Not used by end user.
- metric
Default:
"auto"
. The name of the performance measure or "auto". If the results are classification then balanced accuracy will be displayed. Otherwise, the results would be survival risk predictions and then C-index will be displayed. This is one of the names printed in the Performance Measures field when aClassifyResult
object is printed, or if none are stored, the performance metric will be calculated automatically.- characteristicsList
A named list of characteristics. Each element's name must be one of
"x"
,"row"
,"column"
,"fillColour"
, or"lineColour"
. The value of each element must be a characteristic name, as stored in the"characteristic"
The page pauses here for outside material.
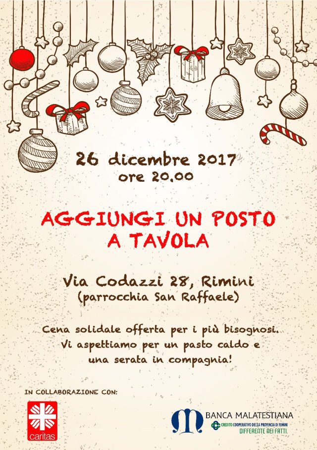 stiamo organizzando una cena solidale autogestita per i più bisognosi della zona (con appoggio di Caritas e Banca Malatestiana) che si terrà il 26 sera. Si prevedono circa 100/150 persone e stiamo cercando di raccogliere più alimenti possibili per poter offrire un pasto caldo a tutti quelli che si presenteranno.
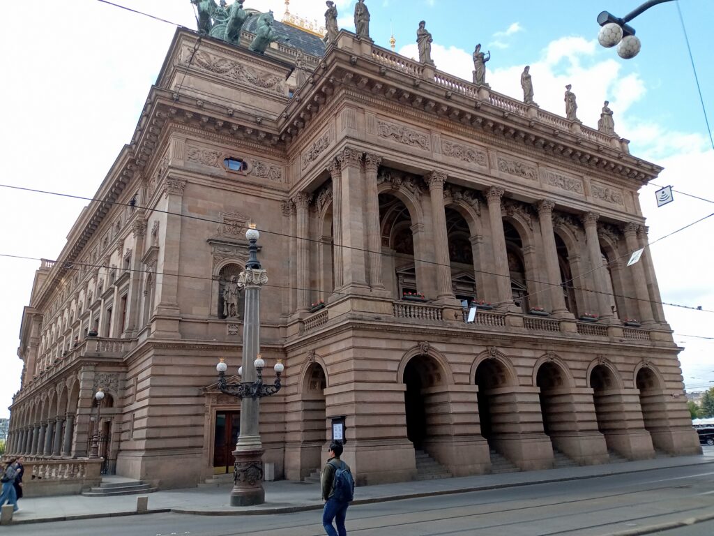 まずは、宿のすぐ近くにある国立オペラ劇場(外観のみ)。もとはチェコに住むドイツ人が「ドイツ人たちの劇場を」という隠れたスローガンのもとに造った劇場のため、ドイツ劇場とも呼ばれていたそう。外壁には豪華な装飾がされていました。

column of the results' characteristics table. Only"x"
is mandatory. It is"auto"
by default, which will identify a characteristic that has a unique value for each element ofresults
."x"
represents a characteristic which will form the x-axis of the plot."row"
and"column"
each specify one characteristic which will form the row facet and the column facet, respectively, of a facetted plot.- aggregate
A character vector of the levels of
characteristicsList['x']
to aggregate to a single number by taking the mean. This is particularly meaningful when the cross-validation is leave-k-out, when k is small.- coloursList
A named list of plot aspects and colours for the aspects. No elements are mandatory. If specified, each list element's name must be either
"fillColours"
or"lineColours"
. If a characteristic is associated to fill or line bycharacteristicsList
but this list is empty, a palette of colours will be automatically chosen.- alpha
Default: 1. A number between 0 and 1 specifying the transparency level of any fill.
- orderingList
An optional named list. Any of the variables specified to
characteristicsList
can be the name of an element of this list and the value of the element is the order in which the factors should be presented in, in case alphabetical sorting is undesirable. Special values"performanceAscending"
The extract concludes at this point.